Substitute $100\text{N}/\text{m}$ for $k$ and $0.200\text{m}$ for $A$ in Equation (VI).

    $\begin{array}{c}E=\frac{1}{2}\left(100\text{N}/\text{m}\right){\left(0.200\text{m}\right)}^2\times \frac{1\text{J}}{1\text{N}\cdot \text{m}}\\ =2.00\text{J}\end{array}$

Thus, the total energy of the oscillating system is $2.00\text{J}$.

(h)

To determine

The speed of the object when its position is one third of maximum value.

Answer to Problem 18P

The speed of the object when its position is one third of maximum value is $1.33\text{m}/\text{s}$.

Explanation of Solution

Write the expression to calculate the speed of the object at $x=\frac{1}{3}A$ position.

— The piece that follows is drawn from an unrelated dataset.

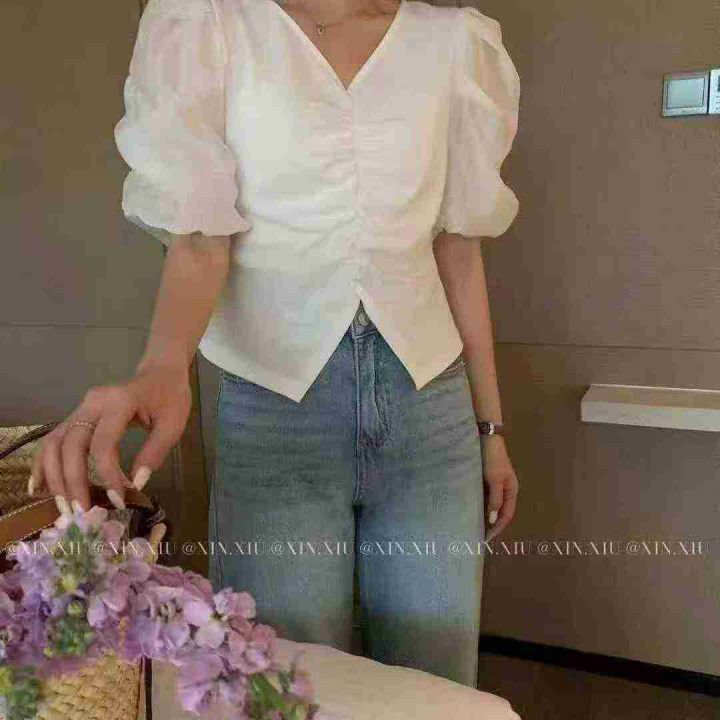上新全清:10.8一件韩系V领设计感泡泡袖百搭上衣,[爱...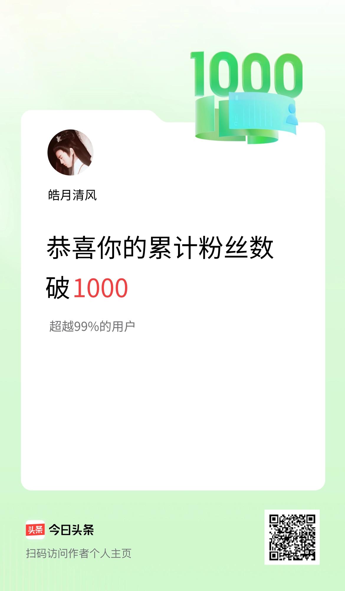 我在头条累计粉丝数破1000啦!

    $\begin{array}{c}v=\omega \sqrt{A^2-x^2}\\ =\omega \sqrt{A^2-{\left(\frac{1}{3}A\right)}^2}\\ =\omega \sqrt{\frac{8}{9}{A}^2}\end{array}$        (VII)

Conclusion:

Substitute $\sqrt{50}\text{rad}/\text{s}$ for $\omega$ and $0.200\text{m}$ for $A$ in Equation (VII).

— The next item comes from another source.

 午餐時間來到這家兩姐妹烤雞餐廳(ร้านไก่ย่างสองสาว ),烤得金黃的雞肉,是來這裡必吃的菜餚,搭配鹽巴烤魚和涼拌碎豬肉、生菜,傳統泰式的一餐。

    $\begin{array}{c}v=\sqrt{50}\text{rad}/\text{s}\times \sqrt{\frac{8}{9}\times {\left(0.200\text{m}\right)}^2}\\ =1.33\text{m}/\text{s}\end{array}$

Thus, the speed of the object when its position is one third of maximum value is $1.33\text{m}/\text{s}$.

(i)

To determine

The acceleration of the object when its position is one third of maximum value.

Answer to Problem 18P

The acceleration of the object when its position is one third of maximum value is $3.33\text{m}/{\text{s}}^2$.

Explanation of Solution

Write the expression to calculate the speed of the object at $x=\frac{1}{3}A$ position

    $\begin{array}{c}a={\omega }^{2}x\\ ={\omega }^2\left(\frac{1}{3}A\right)\end{array}$        (VIII)

Conclusion:

Substitute $\sqrt{50}\text{rad}/\text{s}$ for $\omega$ and $0.200\text{m}$ for $A$ in Equation (VIII).

    $\begin{array}{c}a={\left(\sqrt{50}\text{rad}/\text{s}\right)}^2\left(\frac{1}{3}\times 0.200\text{m}\right)\\ =3.33\text{m}/{\text{s}}^2\end{array}$

Thus, the acceleration of the object when its position is one third of maximum value is $3.33\text{m}/{\text{s}}^2$.